10/16/2016

Cuestión de feeling

    Ahora, mientras viajo, compruebo una vez más que los libros son como las personas, es decir, bichos cargados de manías, gestos, costumbres y demás aditamentos de su particular idiosincrasia.
    Ayer, mientras caminaba por una callejuela sembrada de flores y cafés, noté un puesto de libros usados. Me acerqué a olisquear, por supuesto, y contemplé con asombro cómo la Rayuela de Cortázar estaba ahí, en idéntica edición a la que reposa sobre el segundo estante justo frente a mi silla de trabajo, en Venezuela, pero sin el menor vínculo con ella. Para empezar, la Rayuela que he trajinado en casa suele guiñarme un ojo cada vez que paso cerca de ella por mi biblioteca, cosa que dejó impasible a este otro tomazo, imperturbable mientras anduve entre anaqueles y charlaba  con el dependiente.
    Si Freud hubiese ocupado mejor sus días psicoanalizando textos en vez de gente, la verdad es que ahora otro sería el cuento. Entenderíamos mejor la esquizofrenia que puebla el conglomerado lingüístico hecho literatura. Pero qué va, hoy en día bien pueden existir manicomios donde encerrar volúmenes completos, centros de rehabilitación hemerográficos, divanes especiales para ediciones acomplejadas y en fin, añade tú cuanta categoría te plazca al paradigma de esas mentes laberínticas que son los libros de cualquier pelaje.
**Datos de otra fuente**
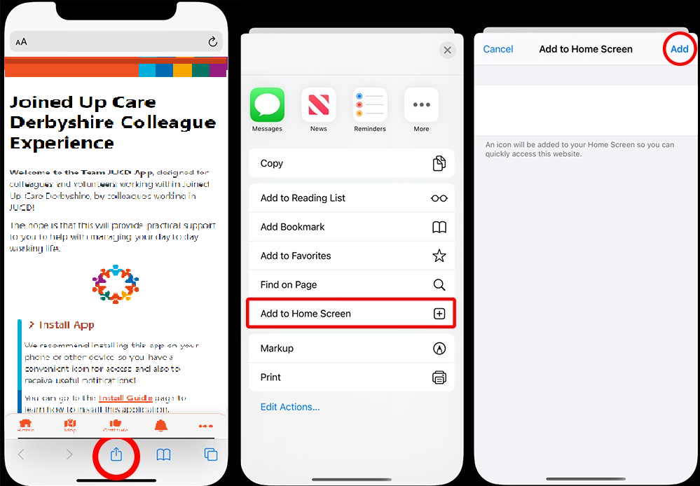 Navigate to this website in Safari (you will have done this already if you are on this page). Press the Share button at the bottom and then hit "Add to Home Screen" and then on the next screen hit Add.
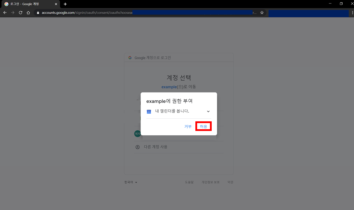 # 새 창이 열리면서 구글 로그인 및 정보 제공 동의 후 최종 인증이 완료됩니다.
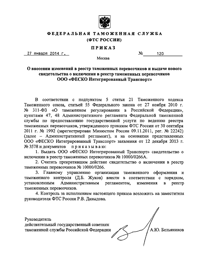 "О ВНЕСЕНИИ ИЗМЕНЕНИЙ В РЕЕСТР ТАМОЖЕННЫХ ПЕРЕВОЗЧИКОВ И ВЫДАЧЕ НОВОГО СВИДЕТЕЛЬСТВА О ВКЛЮЧЕНИИ В РЕЕСТР ТАМОЖЕННЫХ ПЕРЕВОЗЧИКОВ ООО "ФЕСКО ИНТЕГРИРОВАННЫЙ ТРАНСПОРТ"
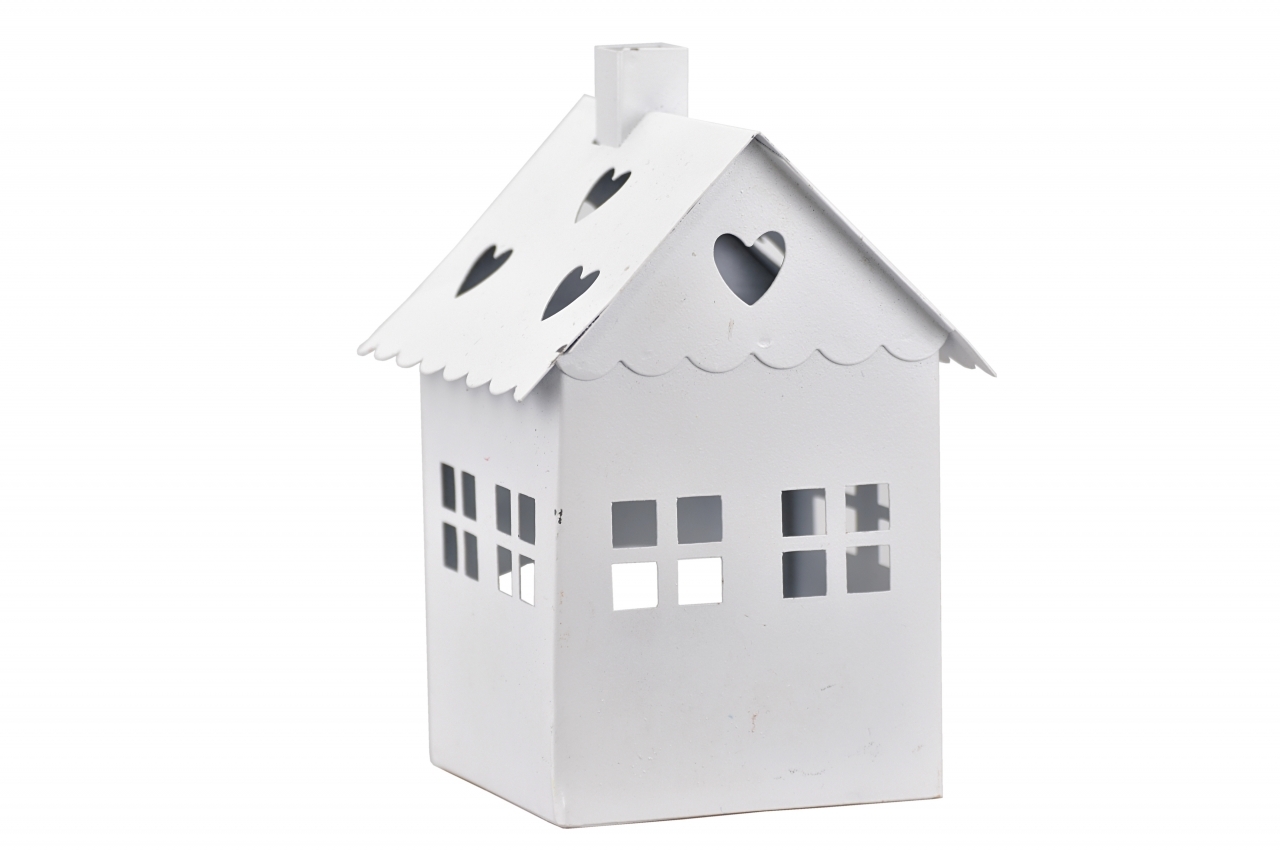 Kovový svícen domek v bílé barvě na LED nebo čajovou svíčku. Okénka domku zvýrazní zapálená svíčka.

    Tengo un ejemplar del Robinson Crusoe que se las trae. Cada vez que lo abro con intención de releerlo no paso de la página veintinueve, en esencia porque tiene un tic que no he encontrado en ningún otro habitante de mi estantería. Fue un regalo de mi madre, el primero que atesoré en la infancia, de modo que ya en el folio veintitrés, y con alarmante acento en el veintiséis, despierta en mí al Edipo que superé décadas atrás. Quién sabrá por qué razón llega siempre con esa jugada. Lo he encontrado en distintas geografías y latitudes, lo he visto en olorosas ediciones nuevas y en ancestrales librerías de viejo,  al punto de que me he puesto ahí a leerlo, de pie, a escondidas de los dueños, con el corazón transformado en nudo sinónimo de asfixia, y nada, entonces todo fluye, las páginas consisten en llanuras apacibles que pueden cabalgarse con la vista, lo cual comprueba que mi Robinson no guarda relación con estos fantasmas de sí mismo. Es que los libros también son un piélago de contradicciones.
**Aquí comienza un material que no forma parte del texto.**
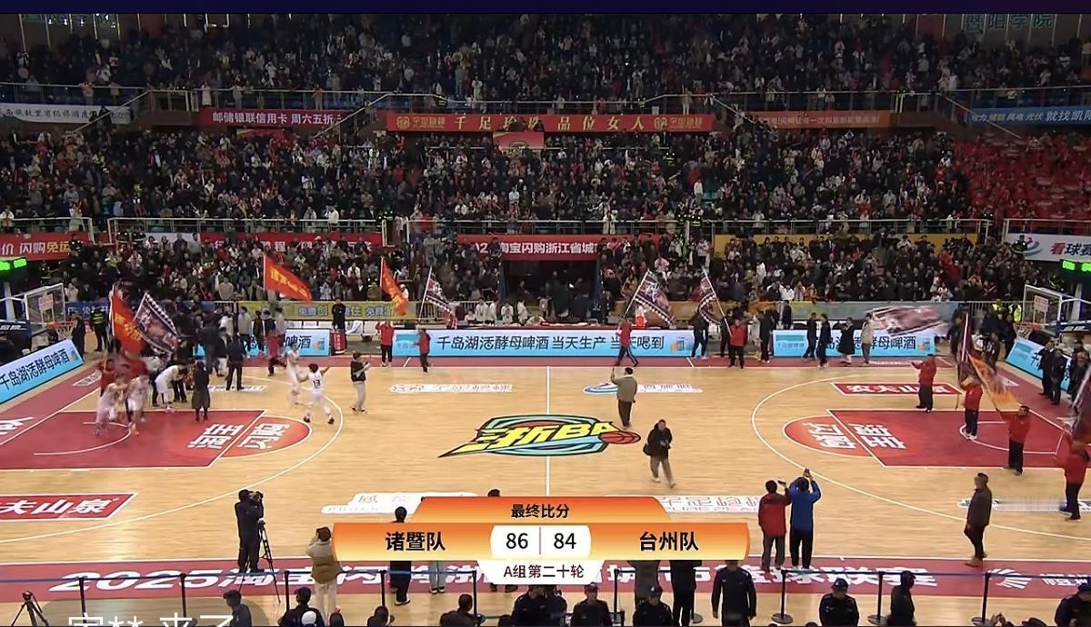 诸暨队进入8强,小组赛出线!今晚的浙BA台州队VS诸暨队,可谓十分的精彩。上半场诸暨队比分一直领先台州队,直至进入下半场。 直到第三节台州队奋起反击,以52:52追平比分。然后又被诸暨队继续领先比分。比赛来到第四场,诸暨队一度领先台州队9分。 到了3分45秒的时候,在台州队的再次反击下,以72:72追平比分。最后在第四节还剩1分27秒的时候,双方打至77:77,直至比赛结束,双方都没能再得分。 最终以77:77进入加时赛。进入加时赛后,到剩余56秒的时候,诸暨队以86:81领先台州队5分。直到比赛结束,诸暨队以86:84赢得比赛。 最终诸暨队以13胜6负的成绩,进入8强,宣告小组赛出线。那么接下来,台州队和金华队,均是11胜7负的成绩。两队究竟谁能小组赛出线,就看后续两队最关键的比赛了。

    Por si fuera poco, la otra vez quise desmigajarme en brazos de “La noche boca arriba”, del buen Julio. El cuento, que ocupa su lugar justo al lado de una pila dedicada a Vargas Llosa, puedo alcanzarlo de un sencillo manotazo mientras leo apoltronado en el estudio de mi casa. Pero qué cosas, en estos días un francés entrado años, de pañuelo alrededor del cuello, de bastón con mango hecho de plata y de pipa entre los labios,  uno de esos dandis hoy casi extinguidos, tuvo la amabilidad de prestarme su ejemplar luego de escuchar  cuánto me apetecía releer por estos días esa pequeña obra maestra. Ve tú a saber por qué misterios de la vida el Cortázar que entre líneas suele darme palmaditas en el hombro cuando lo hallo en mi rústica edición de los sesenta y convidarme de seguidas a un gin-tonic, termina por sacarme la lengua y hacerme trompetillas en la aséptica versión de este tomito en tapa dura. Imposible apelar a la razón para explicarlo, pero la verdad sea dicha: cerré el fajo de cuartillas, despaché con prisa un vaso de agua y corrí casi aterrado a devolverlo.
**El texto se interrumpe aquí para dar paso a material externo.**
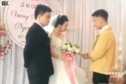 เจ้าบ่าวสุดงง แฟนเก่าเจ้าสาว เดินขึ้นเวทีร่วมอวยพร ก่อนสวมกอดกลางงานแต่ง (มีคลิป)
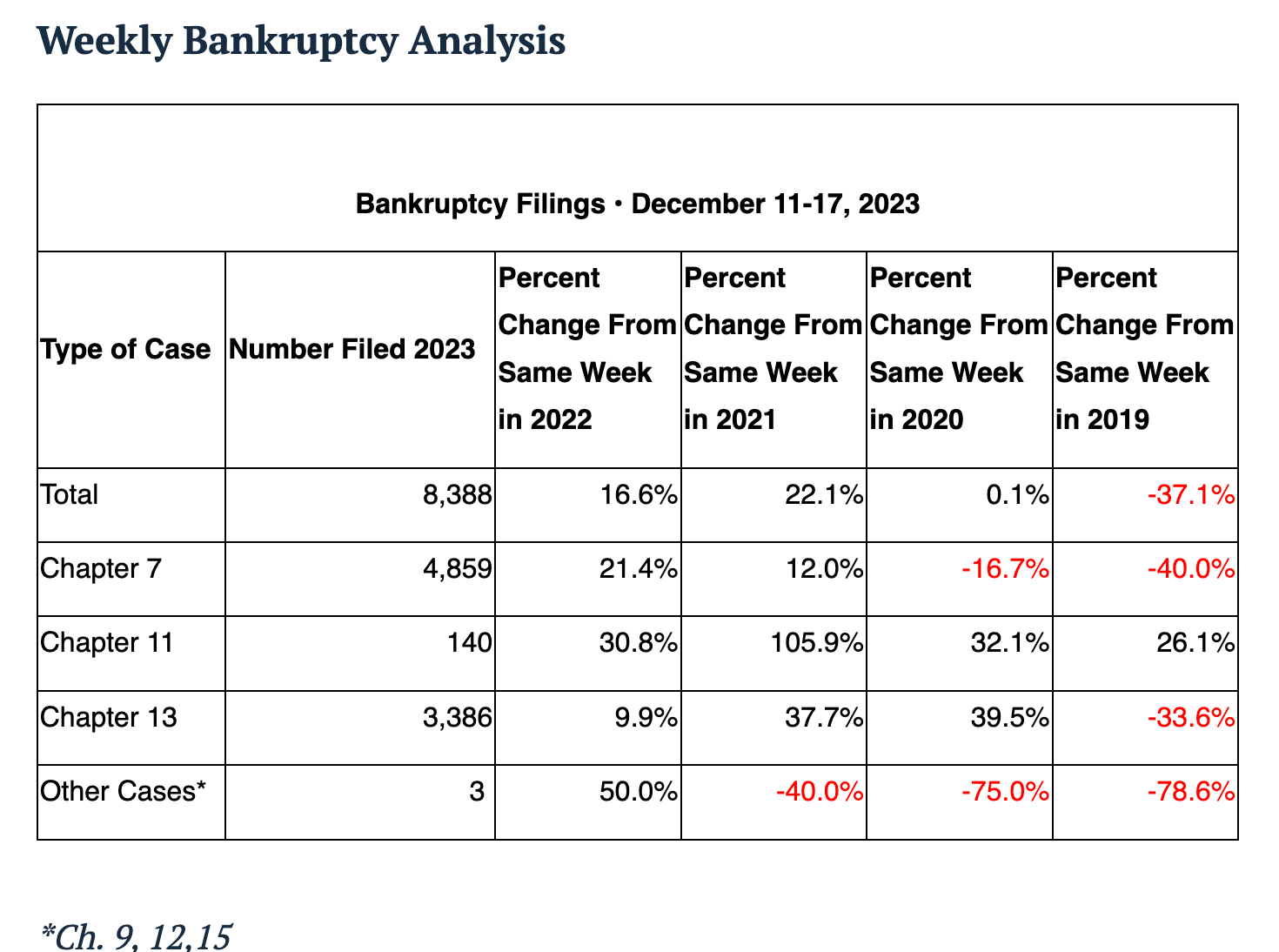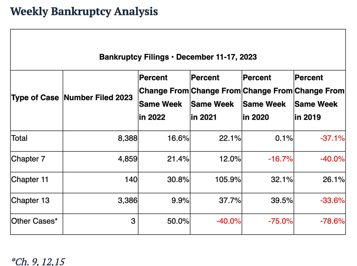 Even though December data is available through the second week of the month, it is not promising. Bankruptcy filings show considerable increases across categories.
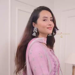 A soft and luxurious muslin suit set featuring intricate floral prints, lace-detailed sleeves, and a beautifully coordinated dupatta. Lightweight, elegant, and perfect for festive or casual outings.
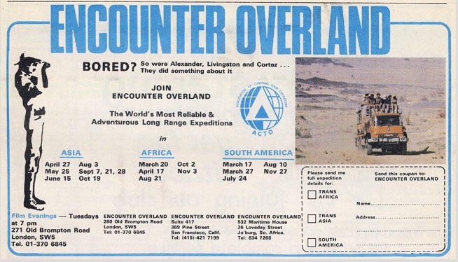 Many articles about overlanding including advertisements for Encounter Overland expeditions. |

    La locura de un libro hace juego con los desequilibrios del lector, eso lo sé, y sin embargo existe en todo ello un ámbito inquietante, una mancha oculta que sube a la superficie cuando menos te lo esperas.
    Quiero por fin llegar a casa, culminar el viaje, respirar tranquilo entre silencios cómplices hechos de letras, páginas blanquísimas o amarillentas  e historias sazonadas con el no sé qué que otorgan, digo yo, las polillas de mi biblioteca. Cuestión de feeling, eso es.